Unicode displaying incorrectly

Software Engineering Team Lead and Director of Cloudsure

Monday, 3 October 2016 · Estimated 2 minute read

Problem

We made content changes on an MVC view in a .NET application. The Unicode characters were displaying fine until the change was made which resulted in gibberish on the screen where the Unicode characters used to be.

Investigation

Using Git we looked at the diff to see if we could find anything strange that was introduced to break the display. We didn't see anything out of the ordinary.
We confirm the <meta charset="utf-8" /> tag was present in the shared layout and that the content-type of the response was text/html; charset=utf-8.
We replaced the Unicode character with its HTML entity and it worked. This is more explicit and doesn't rely on any behind-the-scenes black magic but unsustainable with the way we receive the content unless it was automated.
We took to Google and started searching. We came across a StackOverflow question where there was mention of the BOM and something struck me.

Cause of failure

Hunch

We experimented with a Visual Studio add-on called Strip'em to automatically save line-endings in LF as Visual Studio doesn't have a global setting for this.

In retrospect this wasn't a great idea but we were hoping to avoid seeing:

the wall of pink in our Git diffs and be able to diff without having to ignore white spaces.
nasty dialogs every time we open a file that doesn't have consistent line-endings especially when working with files that were created on other operating systems.
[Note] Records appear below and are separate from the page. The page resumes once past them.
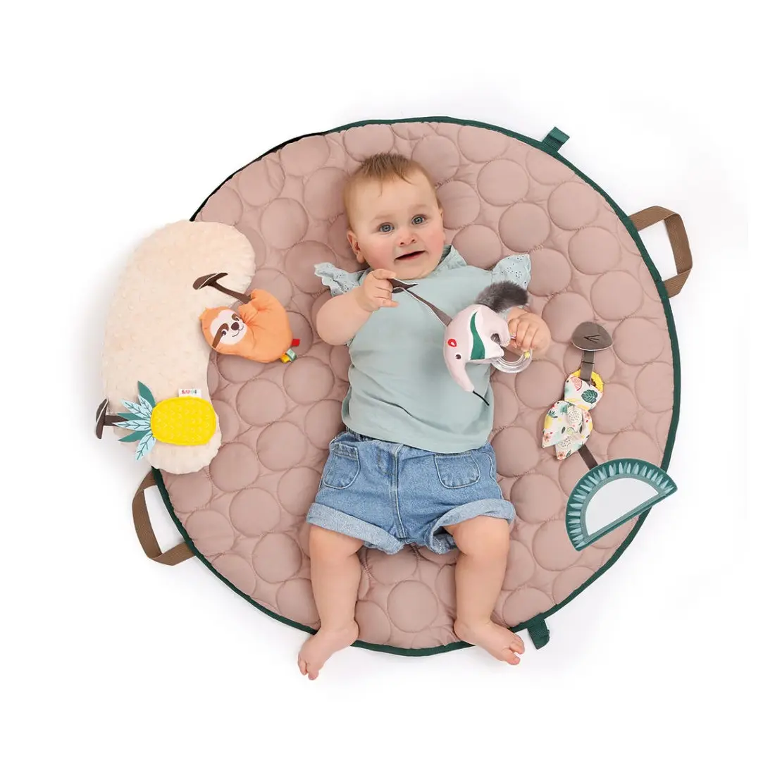 Dès la naissance : Bébé s’allonge confortablement et découvre les jouets suspendus, stimulant sa vue et sa préhension. Grâce aux 9 points d’accroche, les activités sont interchangeables pour une exploration variée.
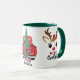 Celebrate Christmas with this charming ceramic mug featuring a cozy holiday design! With a green interior and handle, the mug showcases a classic red pickup truck from a rear view, carrying a Christmas tree in the back. Below the truck is the festive message, “Merry Christmas.” On each side of the mug, a cute reindeer face appears, showing off big eyes with lashes, antlers, and a bright red nose. The phrase “Merry Christmas” is also printed beneath each reindeer. Perfect for holiday beverages, this mug is a delightful way to bring Christmas cheer to your mornings!
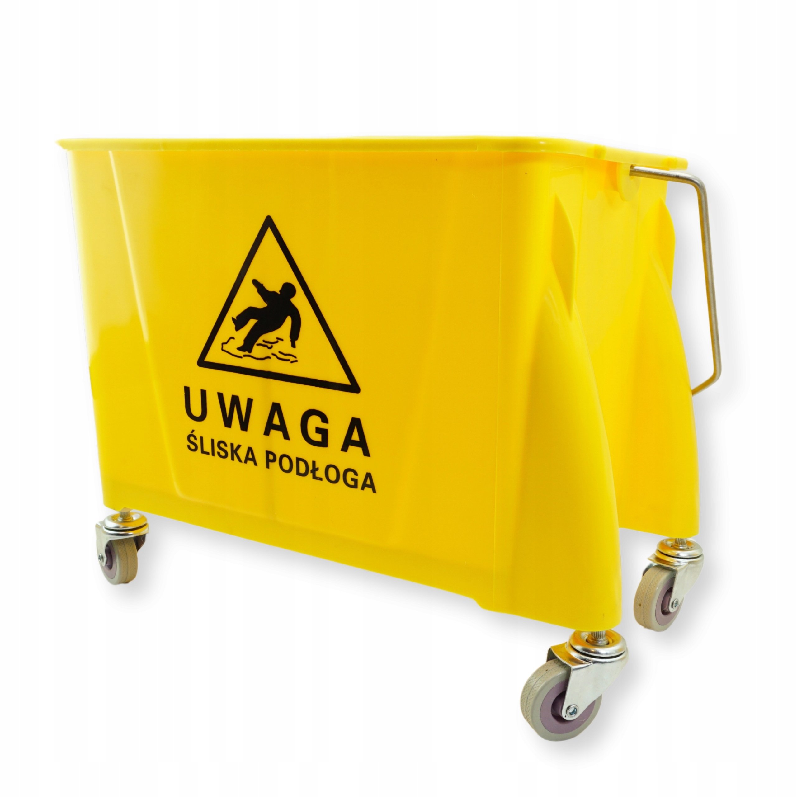Візок оснащено жовтим відром із вражаючою місткістю 20 л, що робить його ідеальним для професійного прибирання в таких місцях, як школи, дитячі садки, офіси, медичні установи, ресторани або навіть приватні квартири. Візок полегшує транспортування та зберігання необхідних засобів для чищення.

Tip: In Visual Studio 2015 you can change the encoding and line ending for an individual file at File > Advanced Save Options.

This add-on had an unexpected "feature" that was not advertised in the dialog. When it removed the line-endings, the BOM at the start of the file was also removed.

There's two problems with it [Strip-em], firstly it kills the utf-8 magic bytes which windows likes, and also causes a change after file save so VS asks to reload changes, I know that the latter can be avoided but sometimes you don't want to reload changes automatically. ~ Brett Ryan commented on StackOverflow

Experiment

As we couldn't find any reason for the Unicode characters to be displaying differently now, we believed that it must be the add-on. We needed to test it.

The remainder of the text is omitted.